His small shop received less and less visitors and the last thing to visit was the black death. It had visited many of the houses on his block and they all bore a similar mark and many were still boarded up the occupants long perished. The city had seen its fair share of hardships with the plague and the fire and he cursed under his breath that he survived them both. The plague had taken his wife and son and the fire was a harsh reminder of their makeshift funeral. He remembers looking out at the glow in the sky and smelling the smoke.

He awoke with a stir as the dawns light crawled through a hole in his ceiling to fall on his face. For a moment he looked for the source in a groggy stupor. He worried that he would have to move his desk again lest the rain come in on his work a task which takes his old bones an entire day to perform. Once he realized he was safe for the time being he looked over to the corner where the girl was. There was no sign of her save the spot on the floor where no dust settled during her slumber.

The girl first visited him a fortnight earlier when she was hiding from her father as children often do. She stumbled upon the old man working diligently and she watched him for several hours and him never giving a sign of notice. She has come back several times since then often distraught over her father or bearing a slice of bread or an old apple which she left next to the old man. He never paid mind to her and always waited till she was gone to accept the offerings. She would have one sided conversation with the old man often waiting for a response but only getting the sound of him drawing or dipping his quill into the bottle of ink on the far corner of the desk. She would often complain about her father and over the loss of her mother in the same way as the cartographer’s wife.

Her father was a carpenter and his shop was lost in the fire so he had to take whatever work he could to get by. Hard time had fallen on him and after the loss of his own wife he fell into the bottle. His lectures came often and harshly on the girl but he loved her so and was determined to keep her from a life of shame and misfortune. Too many of her friends would be forced to brothels or worse places such was a fact of the times. But her father was a good man and if giving her a quality of life was the only thing he could do with his life it would be enough for him.

The parchment he was working on was almost as large as the desk and his long arms just barely reached the corners. His age and state of heart made the process long and arduous and some days he would have to settle for 2 or 3 lines before falling back to sleep. He had no visitors and rarely ate so he had a lot of time to do his work. But this map was special to him and every detail had to be perfect.  This map was for his own use and he planned to carry it as far as his legs would take him. He knew that the girl was going to be in trouble for being gone most the night and would be stuck at her father’s side for many days. He was working harder in the hopes that he could finish and set out before and if she returned.

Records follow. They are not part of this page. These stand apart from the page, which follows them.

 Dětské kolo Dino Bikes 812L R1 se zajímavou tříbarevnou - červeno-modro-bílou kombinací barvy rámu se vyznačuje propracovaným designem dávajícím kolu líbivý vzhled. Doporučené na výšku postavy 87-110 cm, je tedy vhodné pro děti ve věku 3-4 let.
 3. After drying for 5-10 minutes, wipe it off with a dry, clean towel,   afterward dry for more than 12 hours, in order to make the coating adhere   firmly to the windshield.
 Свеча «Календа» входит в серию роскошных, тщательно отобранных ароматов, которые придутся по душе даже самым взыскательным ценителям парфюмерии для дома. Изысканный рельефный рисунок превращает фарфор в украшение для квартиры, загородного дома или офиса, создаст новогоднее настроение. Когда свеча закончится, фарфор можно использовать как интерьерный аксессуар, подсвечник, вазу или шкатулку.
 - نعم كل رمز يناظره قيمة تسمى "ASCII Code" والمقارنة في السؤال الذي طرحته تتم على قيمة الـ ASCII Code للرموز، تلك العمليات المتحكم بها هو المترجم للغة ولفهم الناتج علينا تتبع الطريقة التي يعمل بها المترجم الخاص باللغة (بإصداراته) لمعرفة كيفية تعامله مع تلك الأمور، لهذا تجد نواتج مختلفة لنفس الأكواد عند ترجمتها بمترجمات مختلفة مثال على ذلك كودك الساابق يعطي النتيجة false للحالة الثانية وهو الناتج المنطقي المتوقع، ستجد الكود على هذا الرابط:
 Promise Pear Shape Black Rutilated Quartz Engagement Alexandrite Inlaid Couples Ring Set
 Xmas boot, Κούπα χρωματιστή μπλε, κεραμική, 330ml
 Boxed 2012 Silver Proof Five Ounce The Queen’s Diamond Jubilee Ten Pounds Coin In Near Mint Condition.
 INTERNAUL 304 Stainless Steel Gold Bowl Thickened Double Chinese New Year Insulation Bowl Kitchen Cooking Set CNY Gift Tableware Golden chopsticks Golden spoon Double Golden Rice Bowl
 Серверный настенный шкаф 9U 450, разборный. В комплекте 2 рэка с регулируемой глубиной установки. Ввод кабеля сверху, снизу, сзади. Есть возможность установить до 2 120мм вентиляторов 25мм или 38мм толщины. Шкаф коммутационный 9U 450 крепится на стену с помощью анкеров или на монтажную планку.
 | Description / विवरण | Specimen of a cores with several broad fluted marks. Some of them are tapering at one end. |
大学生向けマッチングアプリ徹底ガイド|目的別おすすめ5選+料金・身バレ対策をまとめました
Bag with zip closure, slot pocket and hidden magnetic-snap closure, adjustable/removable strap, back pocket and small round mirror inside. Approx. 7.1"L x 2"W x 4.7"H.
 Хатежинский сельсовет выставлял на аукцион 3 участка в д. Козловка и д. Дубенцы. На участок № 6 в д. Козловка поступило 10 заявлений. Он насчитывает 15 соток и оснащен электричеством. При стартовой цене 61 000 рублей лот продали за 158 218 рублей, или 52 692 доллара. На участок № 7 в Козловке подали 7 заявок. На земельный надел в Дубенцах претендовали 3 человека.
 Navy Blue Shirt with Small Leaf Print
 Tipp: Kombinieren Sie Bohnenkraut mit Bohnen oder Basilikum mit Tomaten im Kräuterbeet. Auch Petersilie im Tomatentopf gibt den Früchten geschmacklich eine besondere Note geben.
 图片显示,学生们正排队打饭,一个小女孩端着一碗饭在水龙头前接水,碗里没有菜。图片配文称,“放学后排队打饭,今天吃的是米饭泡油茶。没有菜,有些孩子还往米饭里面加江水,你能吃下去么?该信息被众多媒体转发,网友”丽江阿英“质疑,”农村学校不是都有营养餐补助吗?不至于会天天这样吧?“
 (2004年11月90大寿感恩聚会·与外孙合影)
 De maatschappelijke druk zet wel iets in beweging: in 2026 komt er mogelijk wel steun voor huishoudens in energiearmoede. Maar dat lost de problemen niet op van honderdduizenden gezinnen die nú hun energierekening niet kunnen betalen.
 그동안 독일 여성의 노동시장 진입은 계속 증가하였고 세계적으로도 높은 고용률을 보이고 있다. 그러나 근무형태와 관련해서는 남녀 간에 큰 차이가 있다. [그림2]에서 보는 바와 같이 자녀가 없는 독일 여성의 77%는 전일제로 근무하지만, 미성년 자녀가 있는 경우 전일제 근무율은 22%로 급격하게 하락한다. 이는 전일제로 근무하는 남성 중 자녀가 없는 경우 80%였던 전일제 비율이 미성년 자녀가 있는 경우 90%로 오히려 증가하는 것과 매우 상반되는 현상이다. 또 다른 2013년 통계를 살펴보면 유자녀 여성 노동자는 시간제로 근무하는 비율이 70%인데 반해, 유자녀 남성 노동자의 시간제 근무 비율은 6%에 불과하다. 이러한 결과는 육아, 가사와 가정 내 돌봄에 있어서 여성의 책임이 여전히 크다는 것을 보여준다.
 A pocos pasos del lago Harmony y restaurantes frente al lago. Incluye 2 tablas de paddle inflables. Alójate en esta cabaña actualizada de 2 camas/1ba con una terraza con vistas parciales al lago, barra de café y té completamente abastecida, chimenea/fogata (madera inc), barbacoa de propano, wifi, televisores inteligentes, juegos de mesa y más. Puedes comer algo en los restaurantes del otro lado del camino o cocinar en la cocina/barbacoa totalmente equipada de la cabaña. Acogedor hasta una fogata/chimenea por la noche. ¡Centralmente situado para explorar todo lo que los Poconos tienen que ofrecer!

She did indeed return with slightly moldy bread in hand and crept silently up to the old man’s house. It had been several days and she was constantly worried about him eating. She had a pure heart which is still something we rarely see. She didn’t like upsetting her father but she couldn’t leave this old man behind like the rest of the city did. As she approached the house she stopped at the corner and peeked around. The sight of her might have alarmed a passing citizen if anyone else dared that street. She waited and peered at the doorway to the old man’s house which was open as he often left it. But this time she could see another figure in the house wearing a long cloak and hood over his body which towered above anyone she had ever seen. The figure stood straight as a board except for its head tilted down at the old man. And she could hear faint whispers that trailed through the air like the musings of ghosts.

The figure slowly turned and walked out the door as the girl was frozen with fear and anticipation. The tower of a man walked by he paying no notice and she couldn’t work up the nerve to catch a glimpse of his face. Seconds, minutes, or hours could have gone by she couldn’t tell which but when she turned around there was no sign of the man. She scurried to the safety of the old man’s house and sat on his bed which had become her seat often since the old man hadn’t slept in it since his wife’s death.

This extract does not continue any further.